UNI-Europa and EMF members in HP/EDS are extremely concerned about the management’s attempt to take advantage of the current crisis to undertake off-shoring to low-cost countries.

In a joint press release dated 15 July 2009, UNI-Europe and EMF state their concerns about the HP/EDS management’s attempt to take advantage of the current crisis to undertake off-shoring to low-cost countries.

The new European Works Council Directive (EWC Directive) strengthens communication between EWC members and the workers they represent. HP/EDS management claims that dialogue with the EWC is indeed a priority and that it respects the applicable laws with regard to information and consultation of workers. In reality however, the workers’ representatives in the EWC cannot exercise their representative functions since they are denied the right to report back to the workers they represent. It is clear that HP/EDS management is simply paying lip service to the Directive and this is totally unacceptable to the UNI-Europa and EMF trade union representatives who gathered in Brussels recently.

HP/EDS management is not willing to develop a constructive social dialogue at European or national levels. There has been much evidence from different countries in recent weeks to show that it is only prepared to enter discussions when trade unions start taking legal steps or mobilising workers. This attitude is really regrettable and leads to frustration and anger among the European workforce.  They stress that the company’s growth is no longer geared to R&D or an innovative industrial strategy, which again puts the long-term viability of HP/EDS at stake.

UNI-Europa and EMF will again approach central management, urging it to allow workers’ representatives to effectively fullfil their duties towards the workers they represent and ensure effective information and consultation processes.

The two organisations will ask the EU Commission to investigate this case further. European trade union coordination will evidently be maintained and further protest actions will be envisaged.

In May 2008, HP acquired Electronic Data Systems EDS for $13.9 billion. In September 2008, HP announced a restructuring programme for the EDS business group. HP stated that the restructuring programme will take place over three years and includes a workforce reduction. The workforce reduction plans announced by HP “will vary by country, based on local legal requirements and consultation with works councils and employee representatives, as appropriate. Approximately 7.5 percent of the combined company’s workforce, or about 24,600 employees, will be affected over the course of the program, with nearly half of the reductions occurring in the United States. HP will provide employees affected by this restructuring program with severance packages, counseling and job placement services.” Trade unions  throughout the continent have protested against the HP/EDS restructuring plan, and its consequent salary freeze, benefit cuts and redundancies.

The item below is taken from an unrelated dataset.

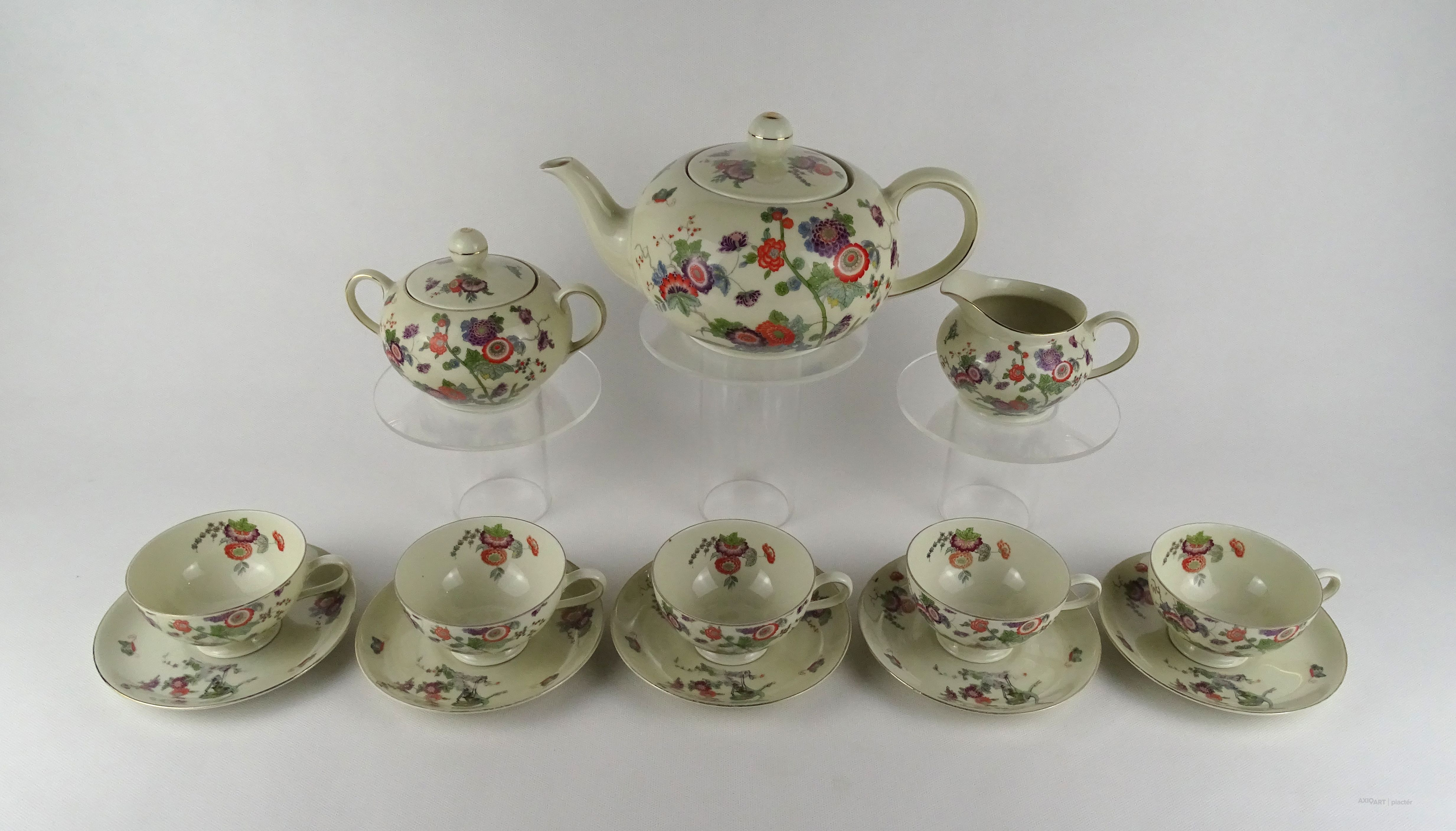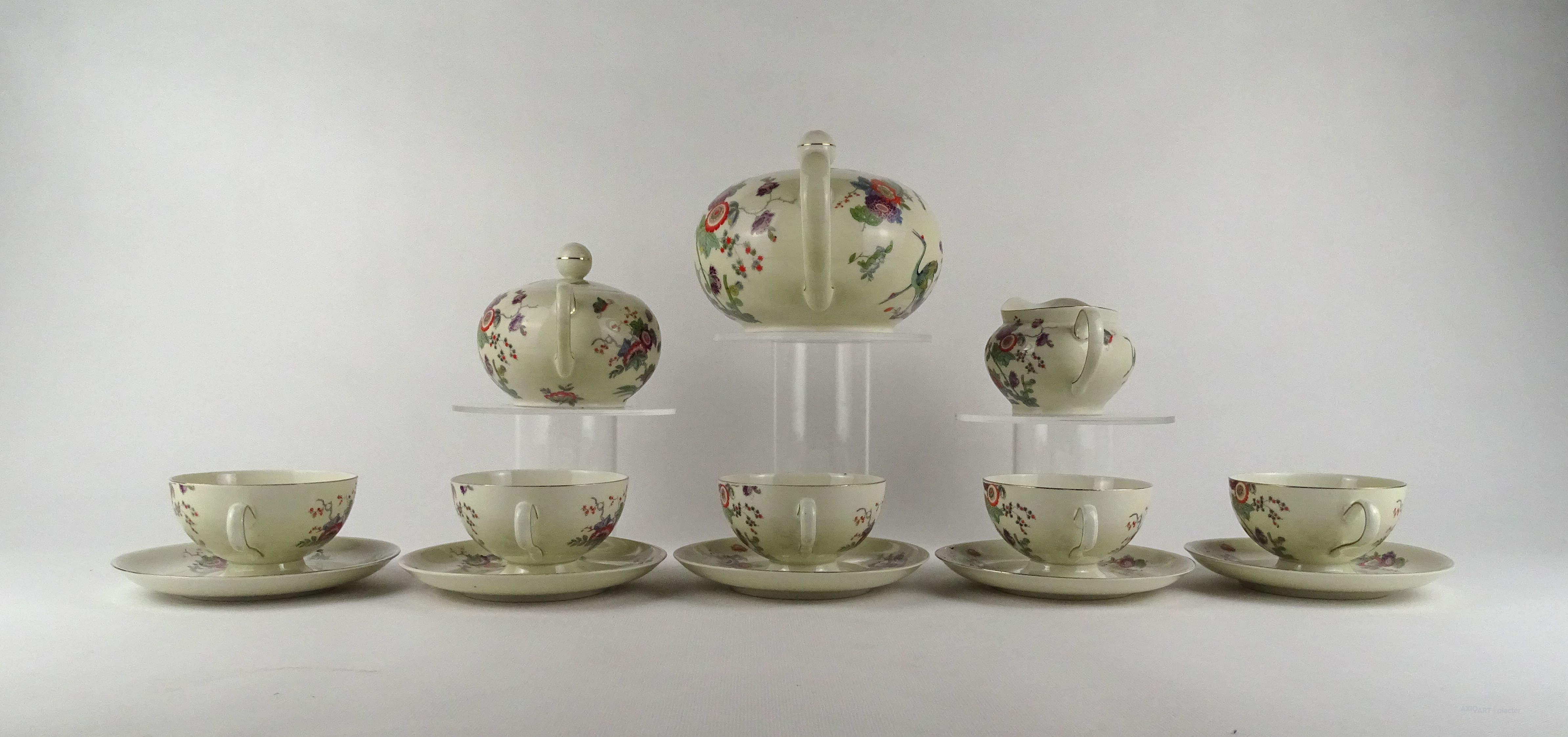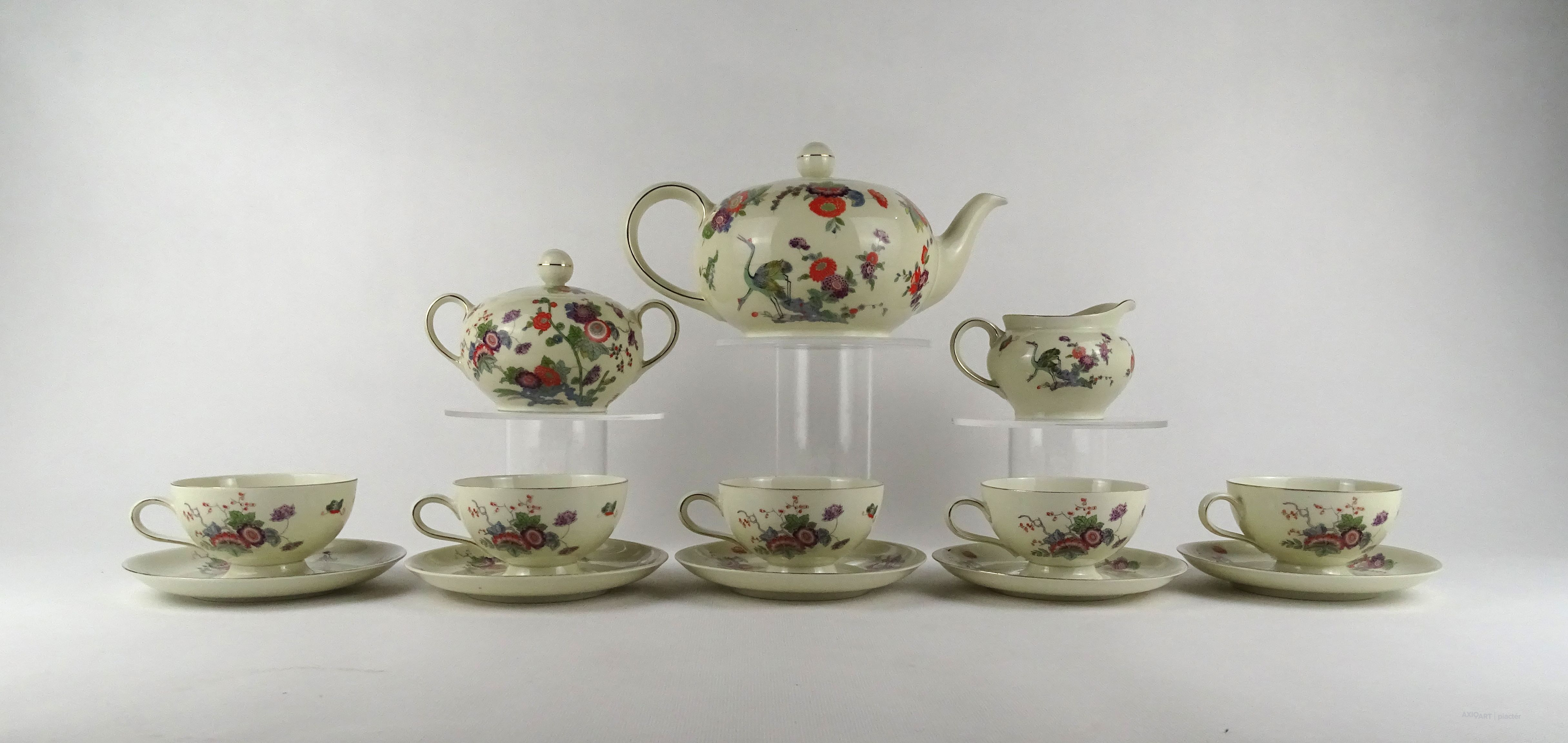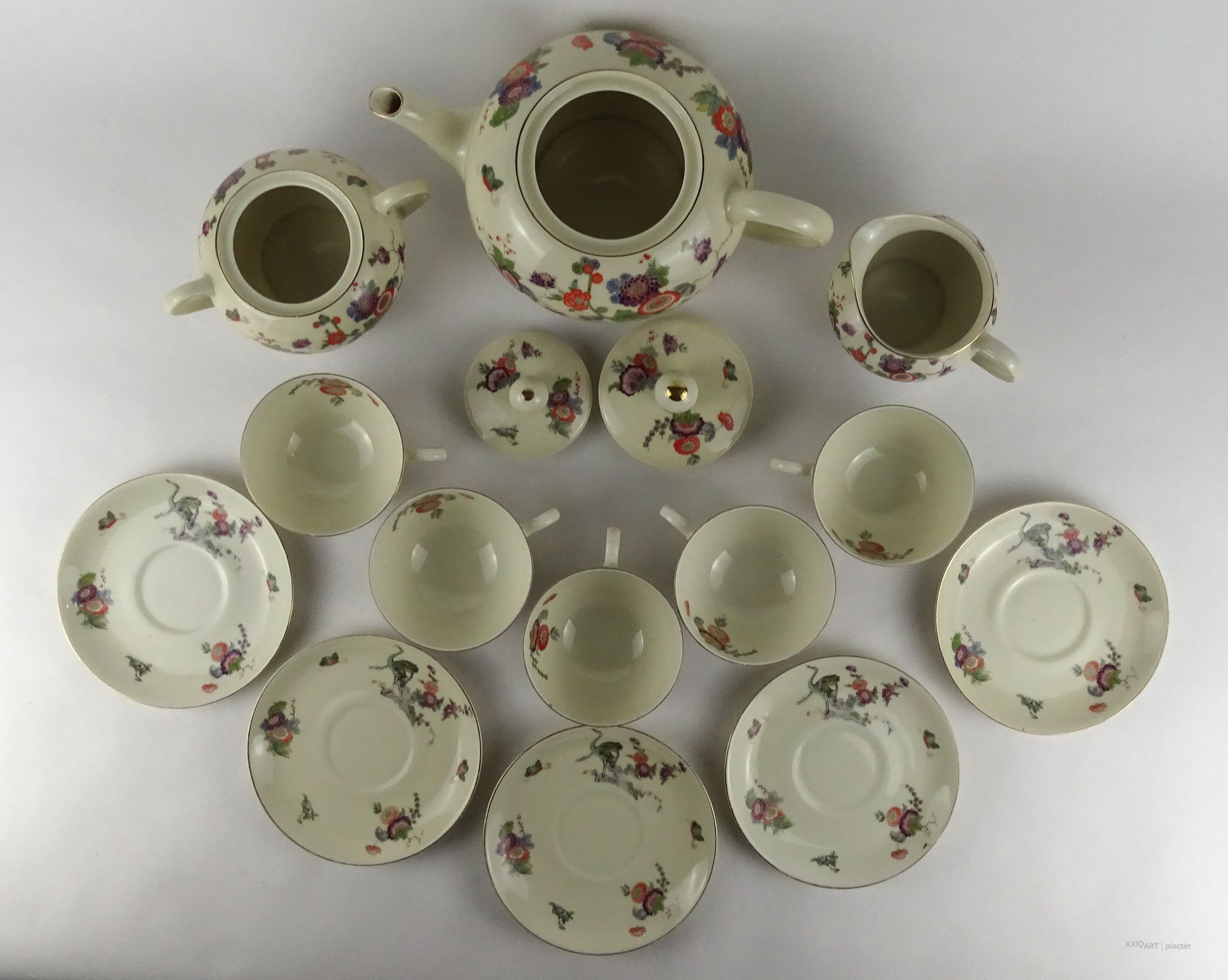 Régi, hibátlan állapotú, öt személyes, jelzett, vajszínű porcelán teás készlet. Keleti stílusú festéssel, darvakkal és virágmintákkal díszítve, aranyozott szegéllyel.

On 23 April 2009 the Council adopted a revised directive on European Works Councils (EWCs) following the Parliament’s first-reading agreement on the recast version during its plenary in December 2008. The recast of the directive is aimed at increasing the presence and effectiveness of EWCs across the European Union and at tightening the definitions of information and consultation of workers. Following the court judgements in the Vilvoorde, British Airways and Marks&Spencer cases, the Parliament clarified the definition of ‘transnational’. It decided that when a decision of closure or restructuring is taken in one Member State but affects the workers in another, it must be considered transnational. Matters that concern the entire undertaking or group or at least two Member States, are considered to be transnational. Member States must also ensure that in the event of a failure to comply with the EWC Directive sanctions are ‘adequate, proportionate and dissuasive’. Of major importance to the trade unions was the decision that European social partners now have the right to be informed when a request for setting up an EWC is made. Following the publication the Member States will have two years to implement the new rules at national level. On 16 May the final EWC directive recast text was published in the EU’s Official Journal.